Financial division- which records the states expenditure according to the accounting terms in
the country’s budget
Importance of final consumption expenditure by the government
• The government provides a legal framework for the economy to operate efficiently. This
enables the market economy to function well, drive economic growth and create jobs.
• The government is responsible for important injections into the circular flow of income.
• Government spending is important for reducing poverty and redistribution of wealth.
3. Goss fixed capital formation
• Gross fixed capital formation is also known as investment and it takes place when there
is an increase in the country’s capital stock.
• It happens when money is contributed towards the economy’s ability to manufacture
consumer goods and services
• The main purpose for investment is to promote economic growth and development
Classification of gross fixed capital formation
• In private households- family savings in banks are borrowed by businesses for
investment
• In business sector-businesses invest their profits in the production process with a
purpose of expanding their production capacity
• By the state-government purchases goods and services that are intended to create
future benefits such as infrastructure, research spending
• The foreign sector also plays a vital role the country’s growth possibility
Importance of gross fixed capital formation
• Capital formation is important for economic growth. An increase in capital formation
expands the production of goods and services.
• The government can help to increase the capital formation by lowering the interest
rates to make it less costly for the private sector industries to borrow money to buy new
machines.
• Investment in capital infrastructure of the manufacturing sector is the key to economic
growth and job creation
• The government needs to invest in education and training so that we can have the
necessary skills to produce all the required final goods and services and reduce our
reliance on imports. This will also improve our balance in the current account of the
balance of payments.
• Increase in capital formation through investment in the private sector will reduce the
unemployment rate in the country.
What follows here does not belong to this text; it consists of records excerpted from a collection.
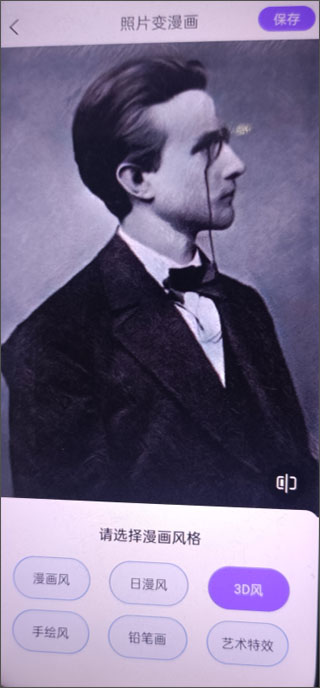 2、在相册中选择一张照片,然后选择漫画的风格,弄好之后点击右上角的保存按钮即可。
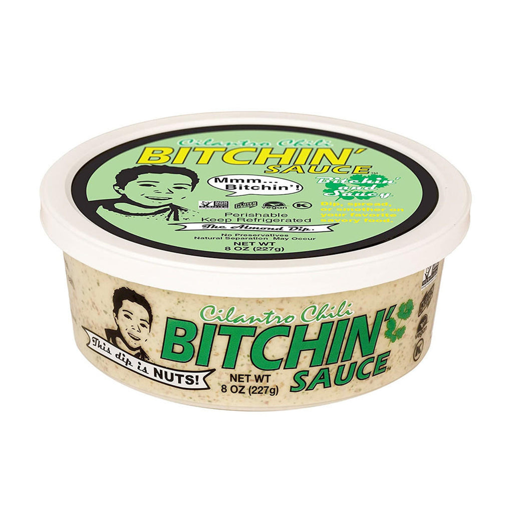 Water, grapeseed oil, almonds, lemon juice, soy sauce (water, soybeans, salt), cilantro, yeast, garlic, cumin, cayenne, sea salt, jalapeño.
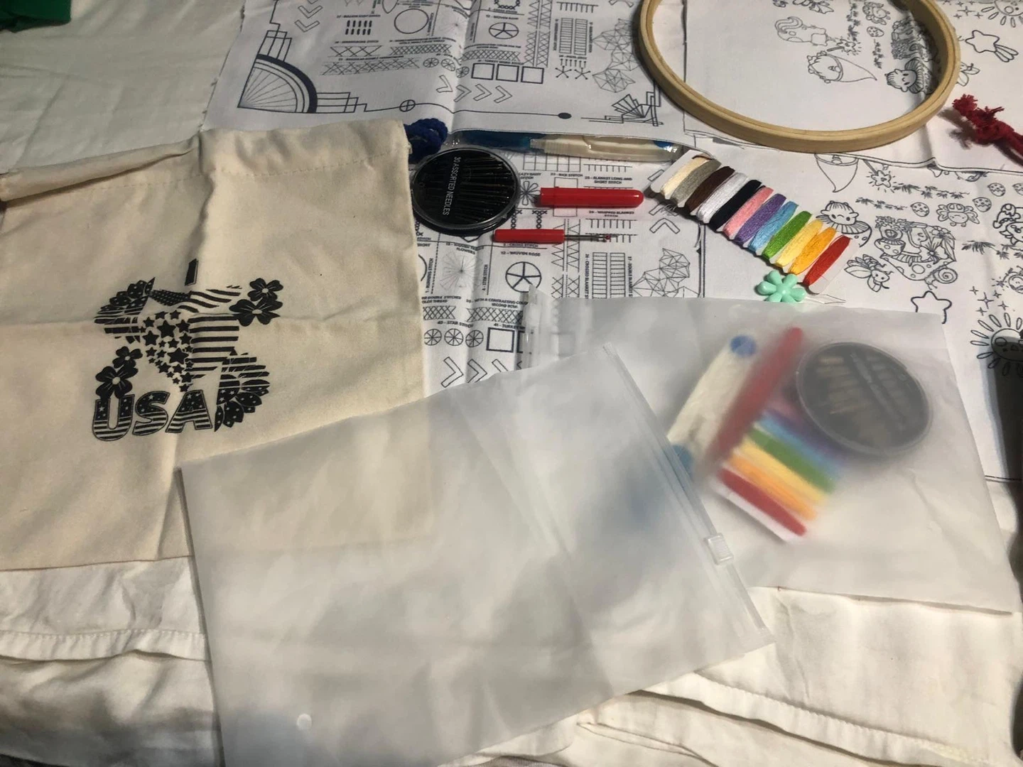 Embroidery kit with everything you need to get started! Includes a variety of colourful threads, needles, and a printed fabric pattern. Perfect for beginners or anyone looking to try a new craft!

This will increase the income and welfare of the
workers resulting in an increase in the economic growth rate of the economy.
• Improved infrastructure like roads, transport, electricity and water will ensure that the
goods and services are distributed efficiently.
The main aggregates
The national account aggregates are methods used to measure the level of economic activity
over time. These methods are the production method, income methods and the expenditure
method.
Production method
Primary sector
Secondary sector
Tertiary sector
GVA@BASIC PRICES
Plus taxes on products
Less subsidies on products
GDP @ MARKET PRICES

Income method
Compensation of employees
Net operating surplus
Consumption of fixed capital
GVA@ FACTOR COST
Plus taxes on production
Less subsidies on production
GVA@ BASIC PRICES
Plus taxes on products
Less subsidies on products
GDP@ MARKET PRICES

Expenditure method
Consumption by households
Gross fixed capital formation
Government expenditure
Residual item
Plus exports
Less imports
GDP@MARKET PRICES
NB!!

GDE- is the total value of spending on goods and services within the borders of the country.

GDE= C+G+I

GNE is derived from the GDE and it is expenditure by the permanent residents of the country.

GNE= GDE+ income from the rest of the world- income to the rest of the world.

GDI- is the sum of all income of factors of production within the borders of the country

GDI= compensation of employees + net operating surplus + consumption of fixed capital

GNE= GNI + income from the rest of the world – income to the rest of the world.